HW4: Mitosis and Genetic Programming Population Voting

by Matt Bogosian, November 11, 1997

Index

Introduction

Genetic programming and genetic algorithms have historically been used in efforts to create "good" individual hypotheses to solve real-world problems. Using genetics to create groups of hypotheses which work well together is an approach often used in metalearning.

One good example of this application is using genetic programming to create neural networks (where groups of nodes work together to create a single hypothesis). However, nets are complex and time-consuming in their evaluation and require great deals of data to train them once they are created.

One might like to use genetic programming to create a group of individual hypotheses that work together to form a single hypothesis without the complexity and time necessary for creating neural networks. One way of doing this is GP population voting. In this approach, GP populations are used as teams working towards the goal of a good hypothesis. Each member of a population casts a vote during hypothesis evalution. The votes are tallied and the most common result is used as the result. The approach works well for problems for which there are large populations relative to the number of possible outcomes from hypothesis evalution.

The Problem

The theory of Majority Rules does not necessarily insure the best outcome (see Hobbes for details). In order to increase the population's combined effectiveness in voting we must first have a method of evaluating the effectiveness for a given population, then we must provide a means of improving that effectiveness.

One method is to use standard genetic programming evolution in the hopes that somehow after many generations the population will have developed enough strong individuals to vote well together. The evaluation is based on the individual members of a population, and the means for improving effectiveness is evolution. However, as life demonstrates, a team of strong individuals does not necessarily imply a strong team, and we are right back where we started.

A Proposed Solution

In efforts to insure not only a good players, but a good team, I propose another method of improving the combined effectiveness of a population is what I am tentatively calling Mitosis (the metaphor is flawed and incomplete, but it has enough similarity to justify the name). Here, we are trying to encourage populations which work well together, not just whose members work well individually.

GP Population Mitosis

Mitosis is performed on populations of individuals of size 2n. The performance of a population must be measurable by successes and failures. Here, "success" and "failure" are loosely defined. They may be exact requirements, thresholds or any number of things. This is determined by the problem representation.

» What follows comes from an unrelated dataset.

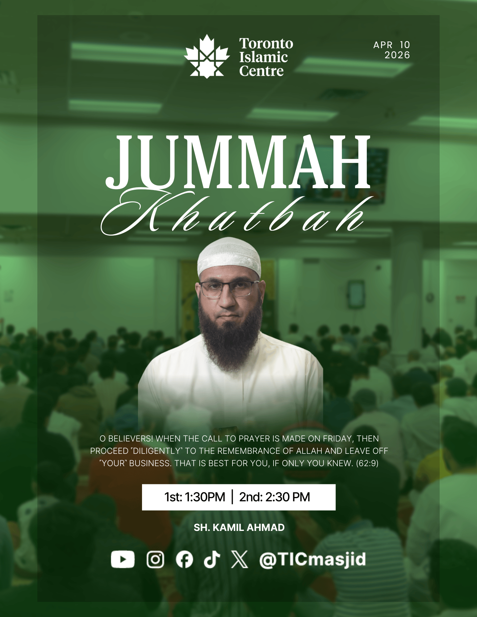 Leave aside work, school, and errands this Friday and answer the Quranic call to hasten to the remembrance of Allah at the Toronto Islamic Centre. Join an inspiring Jummah khutbah with Sheikh Kamil Ahmad and reconnect your heart with Allah together with your community.

There need not necessarily be a 1-to-1 mapping of elections to sucesses or failures. In other words, one may have to vote several times before arriving at a success or failure (e.g., Othello: voting occurs at every move, where as success or failure is determined at the end of the game).

The Basic Mitosis Algorithm

Like biological mitosis, the Mitosis Algorithm has four parts roughly coinciding with the four phases of mitosis. They are prophase, metaphase, anaphase and telophase.

Prophase

The population is duplicated. The two populations are the parent population and the child population.

Metaphase

The child population is partitioned into two randomly-selected subpopulations of n (see Genetic Population Mitosis above for the meaning of n).

Anaphase

The two partitions are split into two populations. The populations are then evaluated individually for a number of rounds (usually roughly from 10 to 20). The one with the most successes is considered the winner or winning half, the one with the least successes is considered the loser or losing half.

In the event of a tie, the partitions are rejoined and Mitosis begins again at metaphase. The notion of a tie is not limited to the exact number of successes. There may be a threshold or percentage of successes which determines a tie; if, after 20 evaluations, partition 1 has 13 successes, and partition 2 has 12, this may not be enough of a difference to justify declaring a winner and loser. One may choose to return to metaphase at this point.

Telophase

The child population is then somehow modified (see Mitosis Variants below) in efforts to increase its effectiveness over its parent. Optionally, one may evaluate the performance of the child versus the performance of its parent (much in the same way that the two halves of the child were evaluated). This may be useful in evaluating the performance of the Mitosis algorithm in general.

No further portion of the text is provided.